Or neither. The regulations do not require CE manufacturers to support 0x02 the way you may want them to. The regulation merely places a limit. They are welcome to do LESS than the limit. That is what they _deliberately_ decided to do, according to the TiVo employee (I don't recall which) who addressed that issue here online when it first came up. They are under no requirement to change it, and I doubt there will be enough customers so completely upset about it to make a difference, anytime in the foreseeable future.


----------



## MichaelK (Jan 10, 2002)

TexasGrillChef said:


> I am sure one could find it cheaper, One looks hard enough they could always find it cheaper! I was giving a ball park figure!
> 
> The one I saw was at Best Buy & included the cables, power adapter etc..
> 
> TGC


good point!

for those intereested

the ebay flavor is unually san's cables and all- they usually use a 9 volt battery internally so no wall wart (some count that a plus or minus)..


----------



## MichaelK (Jan 10, 2002)

bicker said:


> Or neither. The regulations do not require CE manufacturers to support 0x02 the way you may want them to. The regulation merely places a limit. They are welcome to do LESS than the limit. That is what they _deliberately_ decided to do, according to the TiVo employee (I don't recall which) who addressed that issue here online when it first came up. They are under no requirement to change it, and I doubt there will be enough customers so completely upset about it to make a difference, anytime in the foreseeable future.


 you dont think more and more channels are going to wind up 0x02? That is a possibility but seems less likely to me.

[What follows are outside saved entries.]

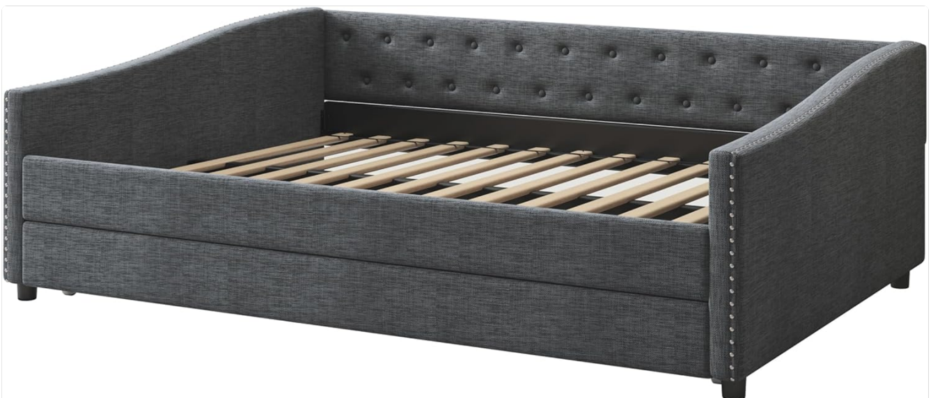
Image: The daybed with the trundle partially extended, demonstrating its pull-out mechanism.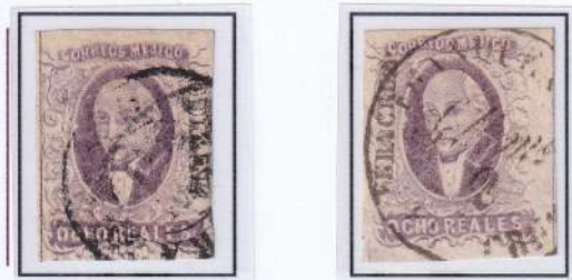
Left FRAMELINES Right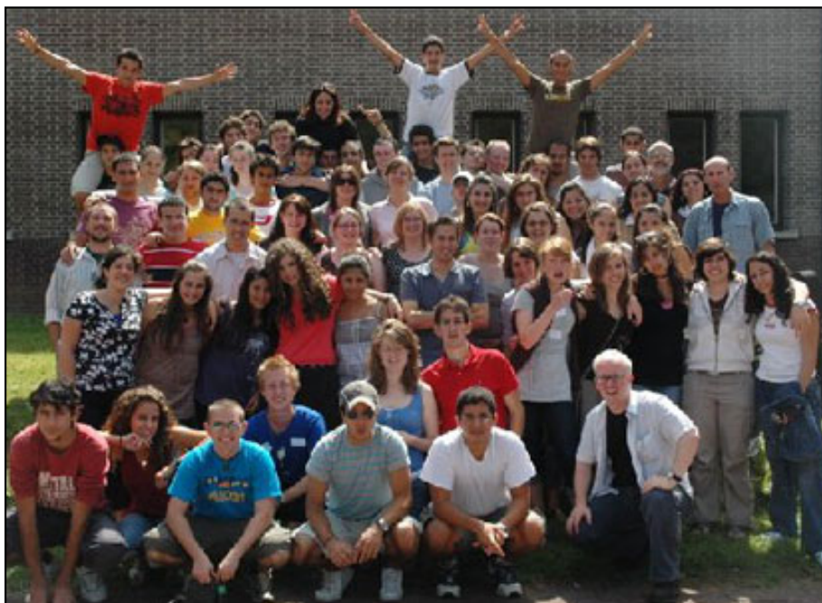
Participants from the Genesis Academy also attended On Holiday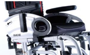
XFF04000x Desk sideguard, armrest, flip- up, removable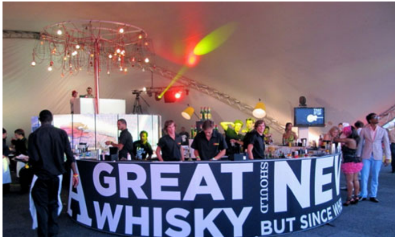
The new Thirst Saturn bar units launched at this year's J&B Met VIP marquee

Thirst Bar Services have soared to the top of South Africa's premium mobile bar market. The last 12 months has seen the company grow at a phenomenal rate, with Thirst being present at a huge majority of South Africa's premium events, offering a complete mobile bar solution which includes sushi, cocktails, premium coffee, smoothies and even mobile DJ's. Thirst's bar options have also grown but have kept in line with their "premium" status and services, their bar counters are not just the run of the mill Perspex bars on wheels, Thirst bars include, their experience bars, which are made from stainless steel and can be in black, white or even branded or wrapped. The new Saturn bar is state of the art, it's 5.5 meters in diameter, lightweight, can fit up to eight bartenders and has a cloth branding surrounding it which can be branded and kept for future events and its even machine washable.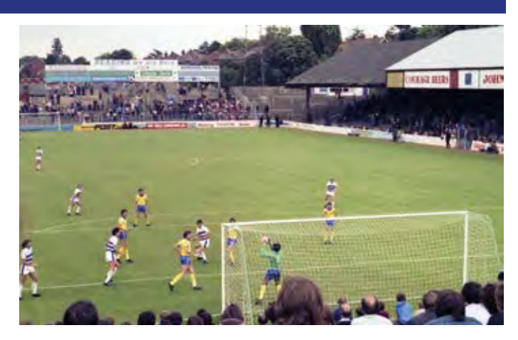
WHO PLAYED AT THE GROUND PICTURED?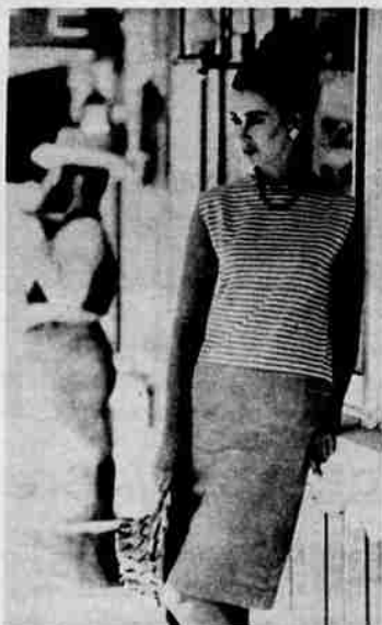
This one-piece figure skimmer, with a back zipper, travels to market with ease. Blue-and-white-striped top with blue skirt. By Knitmaster. About $12.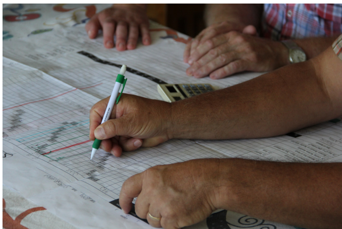
Pasture planning through holistic management

Ecological Outcome Verification (EOV) baseline practical training with hands-on field sessions that taught participants how to 'read' the land. They also conducted ecological monitoring for short-term indicators for some of the local government officials, herders, as well as ADRA staff.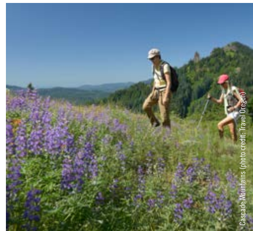
Cascade Mountains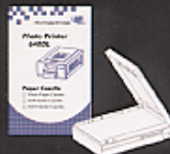
Paper Cassette: a. Photo papers b. 1X1 Stickers c. 4x4 Stickers d. 4/2/4 Stickers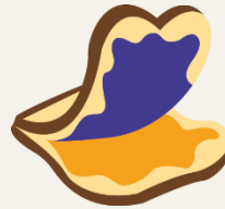
自備糧食 Light snacks

我們會為活動購買第三者保險， 參加者之個人保險須自行負責。 WWF will provide public liability insurance. Participants will be responsible for obtaining their own personal accident insurance.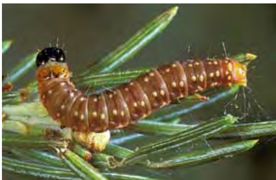
Spruce budworm caterpillar on fir.

But while budworm caterpillars are a boon to birds, they are the opposite to foresters, since a large infestation can kill millions of acres of trees and reduce timber values. As a result, significant effort has gone into budworm control in recent decades, and the last major outbreak in the Northeast was in the early 1980s (although a small one is slowly growing in Quebec). It stands to reason that if an outbreak is prevented from getting too large (usually through pesticide spraying or pre-emptive harvest), it is less likely to attract and support large numbers of budworm specialist birds. This is certainly one of the major hypotheses put forward to explain consistent declines in populations of Cape May, Bay-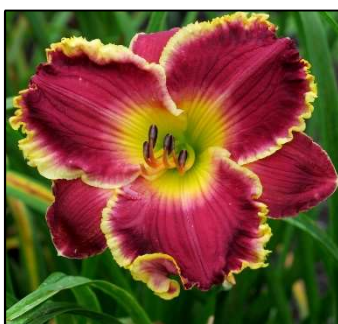
SUNSET STRIP 36",Tet,7.25",Evr,E,Re PIERCE-G. 2012 $30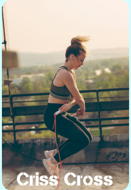
Cross your arms over in front of you every other skip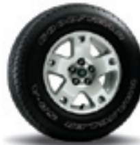
16" Painted Aluminum Wheel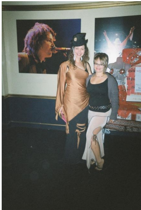
Figure 3.1. Customers in garments created by the owner from the dancewear retailer that participated in a community belly dancing show.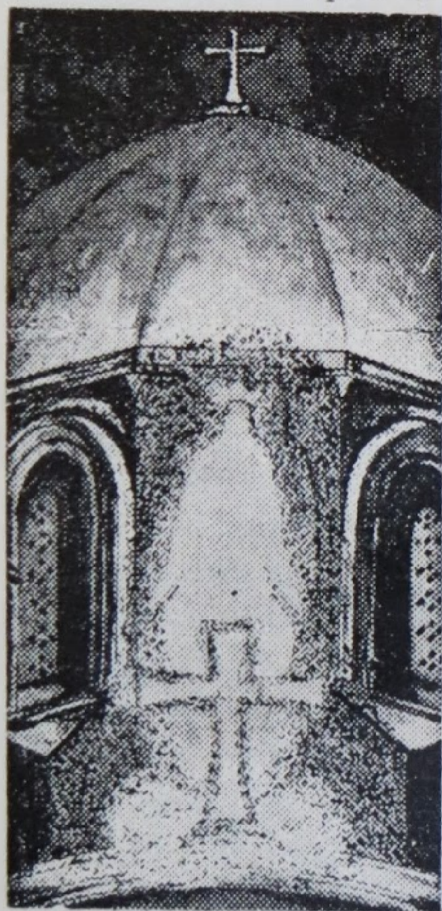
A view of one apparition, reproduced exactly from the Cairo newspaper Watani

The first apparition of the Virgin Mary occurred above the domes of the church on April 2, 1968, at 8:30 p.m., and it was witnessed by a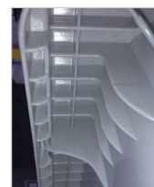
reinforced comb with spring system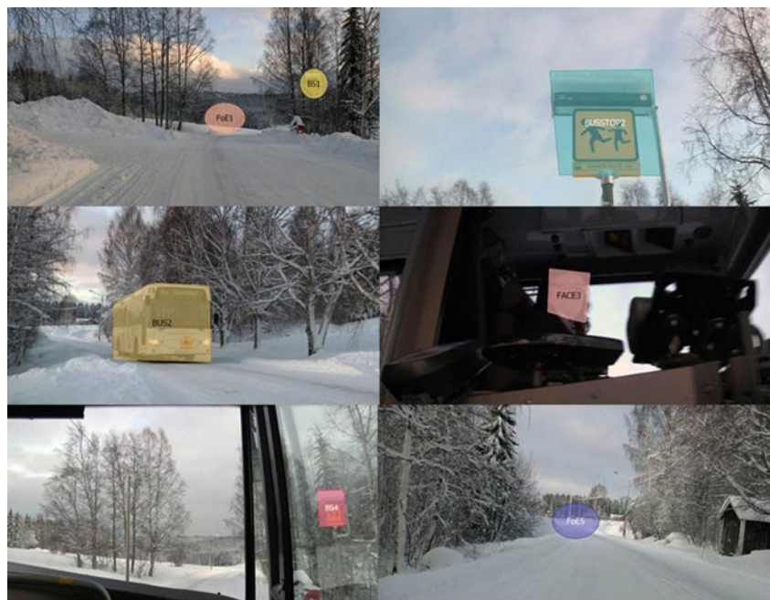
Fig. 1 The five video scenarios (scenario 2, Wait at the bus stop, is represented by the upper right hand slide and the middle left hand slide ) and their relevant areas of interest (AOIs)

Data were analysed using SPSS 20 (SPSS Inc.). The Kolmogorov–Smirnov test was used to test the data for normal distribution, which was only found for the responses to the 50 statements in relation to the five scenarios and regarding the participants' age. These data were analysed with independent samples t-tests.

If enough go 0x02 then MRV becomes MUCH less usable. People frequently parrot that Tivo makes certain design choices to keep things simple for the user. Having much of your content blocked from MRV while much is unblocked might add confusion to the end user. I think their disclaimer and web page pointer is good enough but MRV at the moment is a significant differentiator from cable company supplied DVR's. Take it away and there's one more reason to just rent from cable and some amount (who knows how many) will leave becasue of it.

Cable DVR's are likley to get MRV of somesort, media center products have streaming which allows MRV regardless, tivo can't let themselves get too far out of that ballgame I'd think. Especially when there is a simple fix of copy like they do now but then destroy the original.

But again just my 2 cents. And we all know you have opinions too.


----------



## acvthree (Jan 17, 2004)

It seems to me that the cable companies would see setting all channels possible to 0x02 in their best interest.

With the absense of any sort of consumer protection, I think we'll see most companies going in that direction.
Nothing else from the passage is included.